Il soggetto colpito dalla misura interdittiva, che pure potrebbe astrattamente essere titolare dei diritti riconosciutigli dalla sentenza passata in giudicato, risulta tuttavia essere, per ragioni diverse ed esterne, incapace ad assumere o a mantenere (per il tempo di durata degli effetti dell’interdittiva) la titolarità non già dei soli diritti accertati con la sentenza, ma, più in generale, di tutte le posizioni giuridiche comunque riconducibili all’ambito delineato dall’art. 67 del Codice delle leggi antimafia.

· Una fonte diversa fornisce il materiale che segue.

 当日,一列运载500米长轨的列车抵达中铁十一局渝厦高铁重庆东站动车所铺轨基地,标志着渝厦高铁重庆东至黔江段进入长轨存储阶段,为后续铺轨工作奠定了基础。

In conclusione, l’Adunanza Plenaria ha enunciato i seguenti
principi di diritto:
a) “il provvedimento di cd. “interdittiva antimafia” determina una
particolare forma di incapacità ex lege, parziale (in quanto
limitata a specifici rapporti giuridici con la Pubblica
Amministrazione) e tendenzialmente temporanea, con la conseguenza
che al soggetto – persona fisica o giuridica – è precluso avere con
la pubblica amministrazione rapporti riconducibili a quanto
disposto dall’art. 67 d. lgs. 6 settembre 2011 n. 159”.

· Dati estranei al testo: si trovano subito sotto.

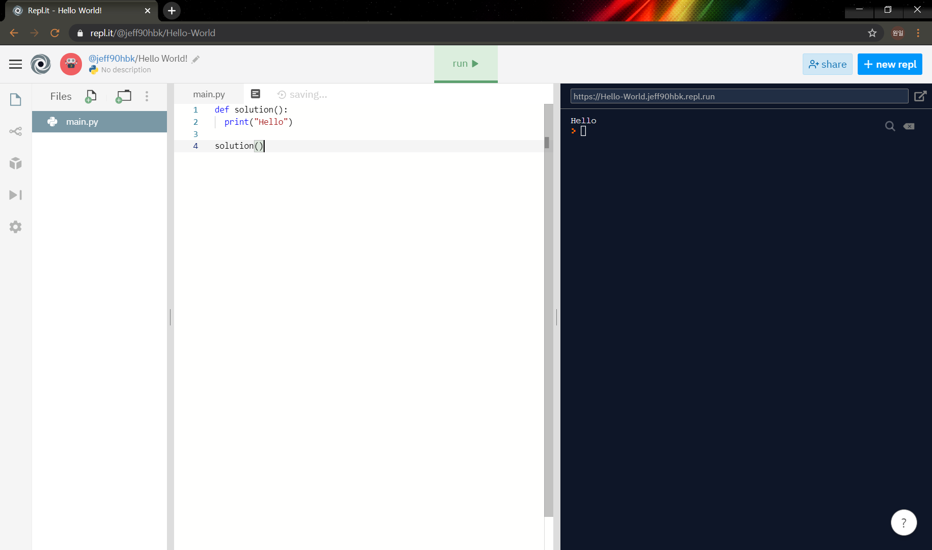 Repl it은 웹에서 코드를 실행시켜주는 사이트다. 구름 IDE와 비슷한 것 같은데 훨씬 간편한 것 같다.

b) l’art. 67, co. 1, lett. g) del d. lgs. 6 settembre 2011 n. 159,
nella parte in cui prevede il divieto di ottenere, da parte del
soggetto colpito dall’interdittiva antimafia, “contributi,
finanziamenti e mutui agevolati ed altre erogazioni dello stesso
tipo, comunque denominate, concessi o erogati da parte dello Stato,
di altri enti pubblici o delle Comunità Europee, per lo svolgimento
di attività imprenditoriali”, ricomprende anche l’impossibilità di
percepire somme dovute a titolo di risarcimento del danno patito in
connessione all’attività di impresa”.
E, alla luce di questi, ha dichiarato inammissibile il ricorso proposto.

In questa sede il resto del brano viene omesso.